ABOUT THIS EXERCISE.
Your copy should match the records below word for word and contain no pictures.

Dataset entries
--------------------

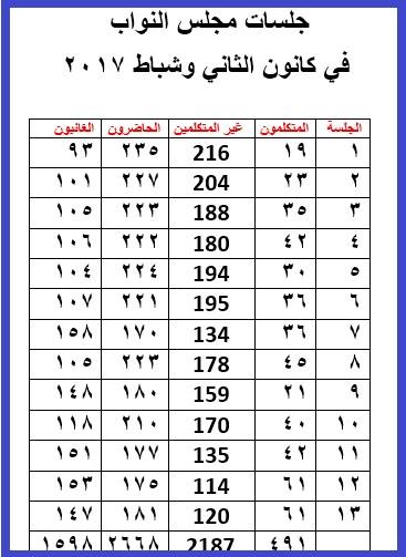 ومن خلال الاحصاءات لجلسات مجلس النواب خلال شهري كانون الثاني وشباط ظهرت ارقام مثيرة هي كما يلي:
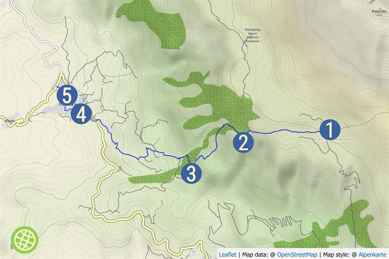 Charakter: Eine leichte Wanderung. Auf dem Sonnenhang und im Windschatten des Psiloritis kann es bei nur wenigen schattigen Abschnitten sehr heiß werden. Art des Weges: 20 % Schotterpiste und 80 % Pfade. Zusatzausrüstung: keine. Minimarkt und Taverne Windy Place, GPS-Pkw: 35.212317 24.712867 am Tourende. Beste Wanderzeit: Frühjahr, Sommer und Herbst.
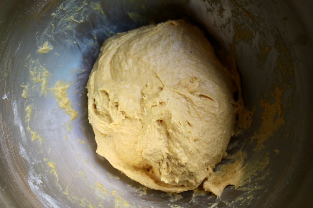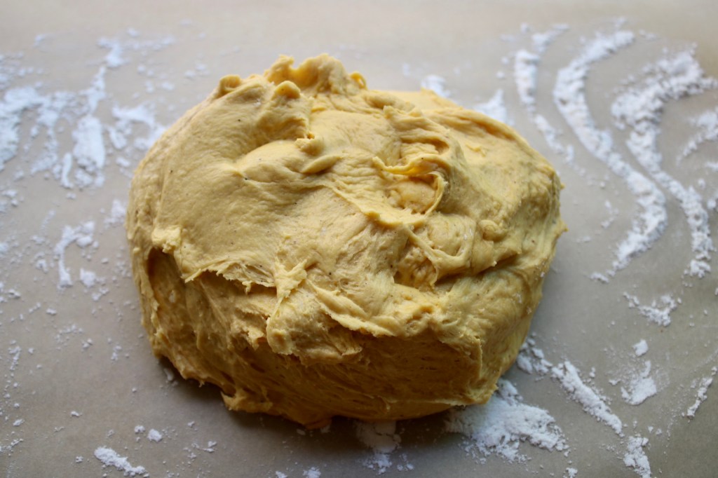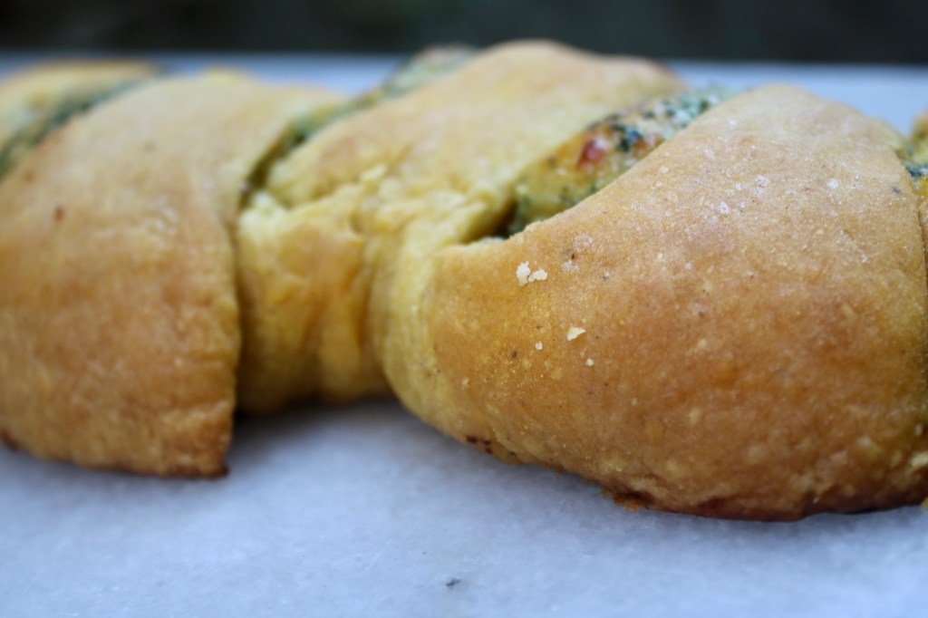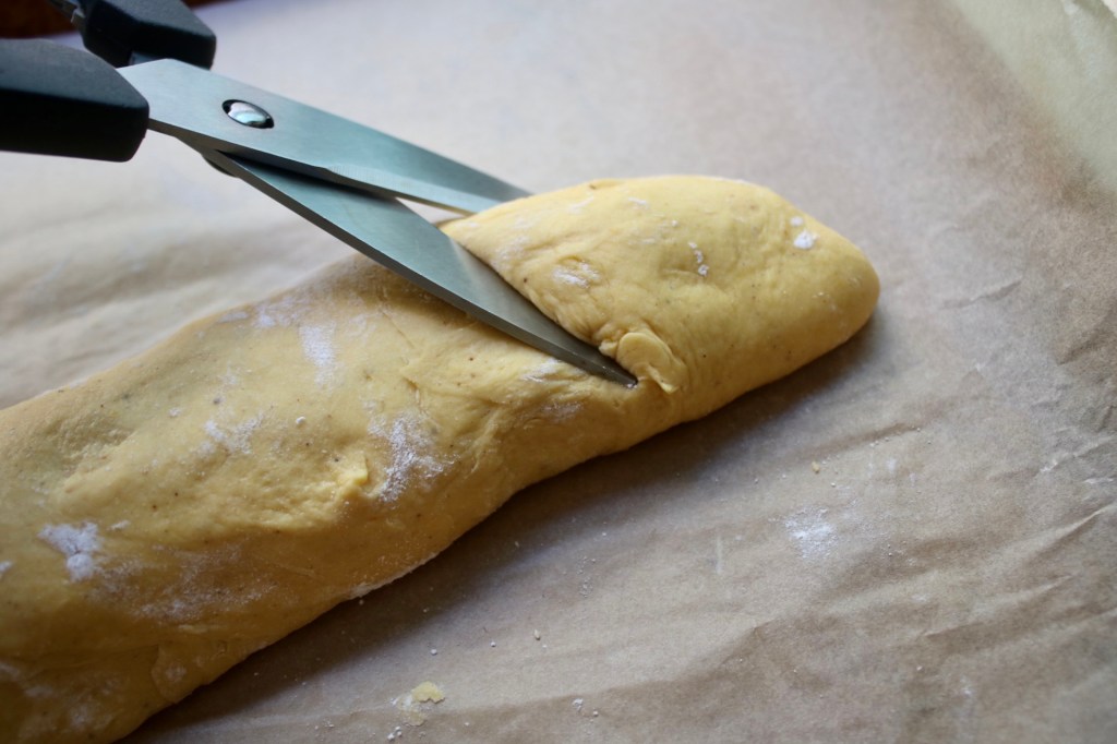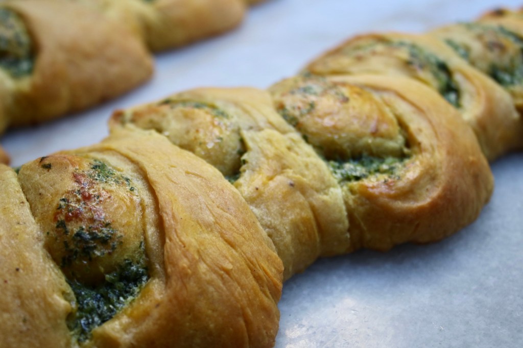 This dough sadly didn’t hold its shape as well as a classic baguette dough (my pain d’epi looked like little elf ears!) It’s enriched with milk, egg and pumpkin, leading it to bake up more like a milk bread than a crusty loaf. Despite the squishy shape, the soft crumb with melted cheese and a spinach garlic spread all tucked in was dreamy.
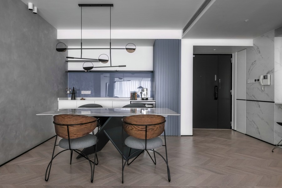 浅灰与原木设计,营造103m²三室一厅静谧感十足居所
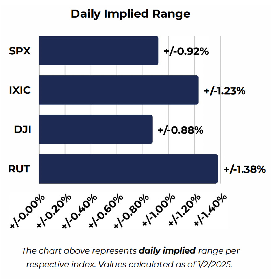 Looking at volatility in the major indices, the visuals above show underlying volatility index calculations to estimate daily implied ranges as well as 30-Day implied ranges. These are forward looking estimates.
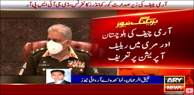 آئی ایس پی آر کے مطابق آرمی چیف کی زیرصدارت کورکمانڈرز کانفرنس منعقد ہوئی جس میں داخلی سیکیورٹی کی صورتحال اور بارڈر امور پر تبادلہ خیال کیا گیا۔
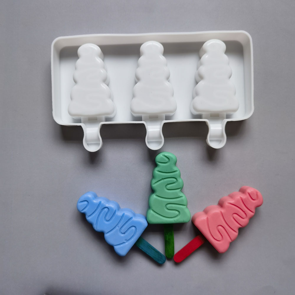 硅胶3连圣诞树雪糕冰淇淋模具冰块DIY布丁蛋糕配件烘焙工具285
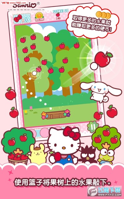 - 您可以升级并装备8位Hello Kitty角色,升级果篮和皮球让他们成为采集果实的最佳工具

--------------------

FINISHED EXERCISE.
 ومن خلال الاحصاءات لجلسات مجلس النواب خلال شهري كانون الثاني وشباط ظهرت ارقام مثيرة هي كما يلي:
 Charakter: Eine leichte Wanderung. Auf dem Sonnenhang und im Windschatten des Psiloritis kann es bei nur wenigen schattigen Abschnitten sehr heiß werden. Art des Weges: 20 % Schotterpiste und 80 % Pfade. Zusatzausrüstung: keine. Minimarkt und Taverne Windy Place, GPS-Pkw: 35.212317 24.712867 am Tourende. Beste Wanderzeit: Frühjahr, Sommer und Herbst.
 This dough sadly didn’t hold its shape as well as a classic baguette dough (my pain d’epi looked like little elf ears!) It’s enriched with milk, egg and pumpkin, leading it to bake up more like a milk bread than a crusty loaf. Despite the squishy shape, the soft crumb with melted cheese and a spinach garlic spread all tucked in was dreamy.
 浅灰与原木设计,营造103m²三室一厅静谧感十足居所
 Looking at volatility in the major indices, the visuals above show underlying volatility index calculations to estimate daily implied ranges as well as 30-Day implied ranges. These are forward looking estimates.
 آئی ایس پی آر کے مطابق آرمی چیف کی زیرصدارت کورکمانڈرز کانفرنس منعقد ہوئی جس میں داخلی سیکیورٹی کی صورتحال اور بارڈر امور پر تبادلہ خیال کیا گیا۔
 硅胶3连圣诞树雪糕冰淇淋模具冰块DIY布丁蛋糕配件烘焙工具285
 - 您可以升级并装备8位Hello Kitty角色,升级果篮和皮球让他们成为采集果实的最佳工具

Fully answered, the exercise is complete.